Do livro autobiográfico "Navegação de Cabotagem", de Jorge Amado, extraí este pequeno texto, que considero uma pérola. A diferença entre conhecer uma realidade e ser tocado por ela, verdadeiramente. Espero que apreciem.
" (Paris, 1948 - o número)
Paris, casa de Picasso, em torno à mesa de jantar, somos uns poucos na tentativa de convencê-lo a comparecer ao Congresso de Intelectuais pela Paz que se vai reunir em Wroclaw, na Polônia: Louis Aragon, Alexandre Korneichuk, Pierre Gamara, Emílio Sereni e a cineasta polonesa Wanda Jacubowska, cujo filme de estreia triunfa nas salas de cinema. Wanda está sentada ao lado do pintor.

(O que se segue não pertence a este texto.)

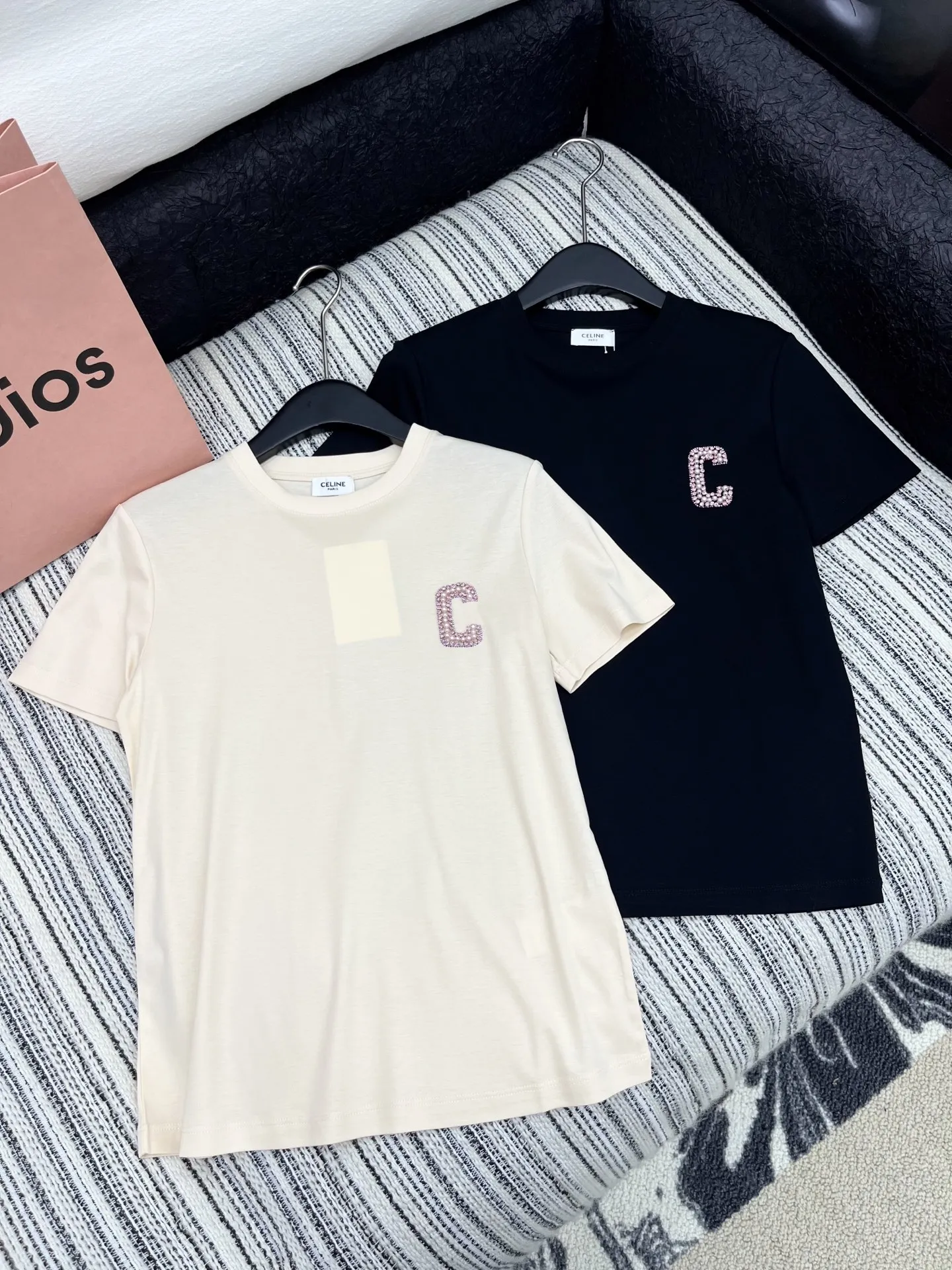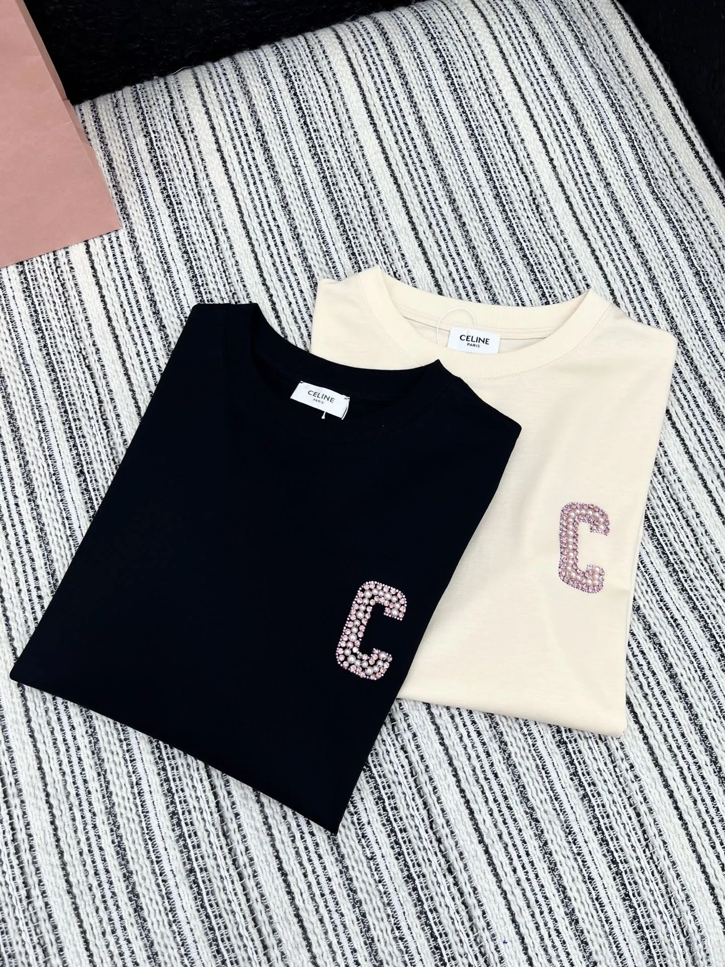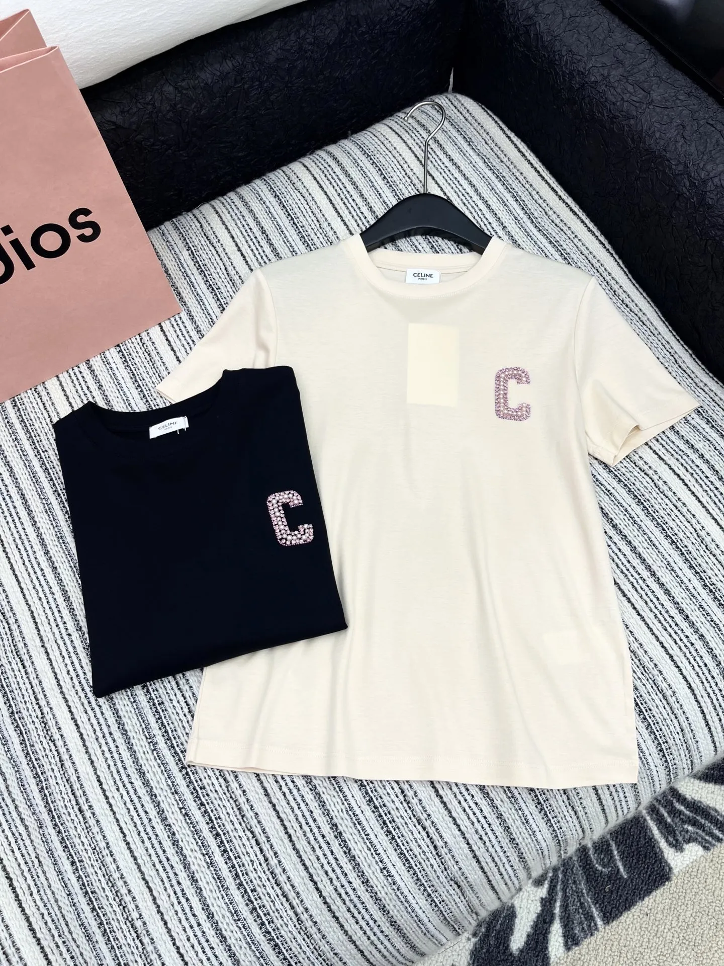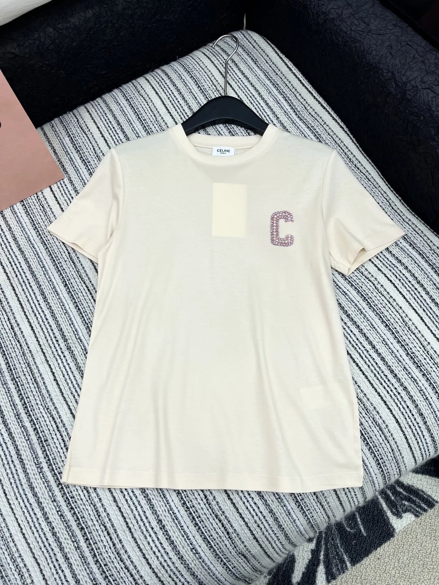 CELINE新作ピンク半袖Tシャツ刺繍デザイン

Picasso, intransigente na recusa, não irá, peçam-lhe outra coisa, pode doar um quadro, se preciso. Comparecer, jamais, perda de tempo, tem mais o que fazer, deve pintar. Gastaram-se todos os argumentos, caíram todos no vazio, terminamos por desistir, o Congresso não contará com a estrela de Guernica. Queijos e vinhos, comenta-se o filme de Wanda Jacubowska.
Picasso demora o olhar no braço da cineasta, vê o número gravado, pergunta de que se trata.
- Meu número no campo de concentração onde estive durante a guerra.
Picasso passa de leve a ponta dos dedos no braço da moça de Varsóvia, olha para nós, dirige-se a Aragon:
- Eu vou, podem contar comigo.
Foi e fez discurso, esteve o tempo todo. Depois desenhou, para outros congressos, a paloma signo da paz. Tocara com os dedos a desgraça da guerra, o terror."
Jorge Amado
Lindo Eliana, mostrei o texto para Aga que se emocionou.Obrigado!!!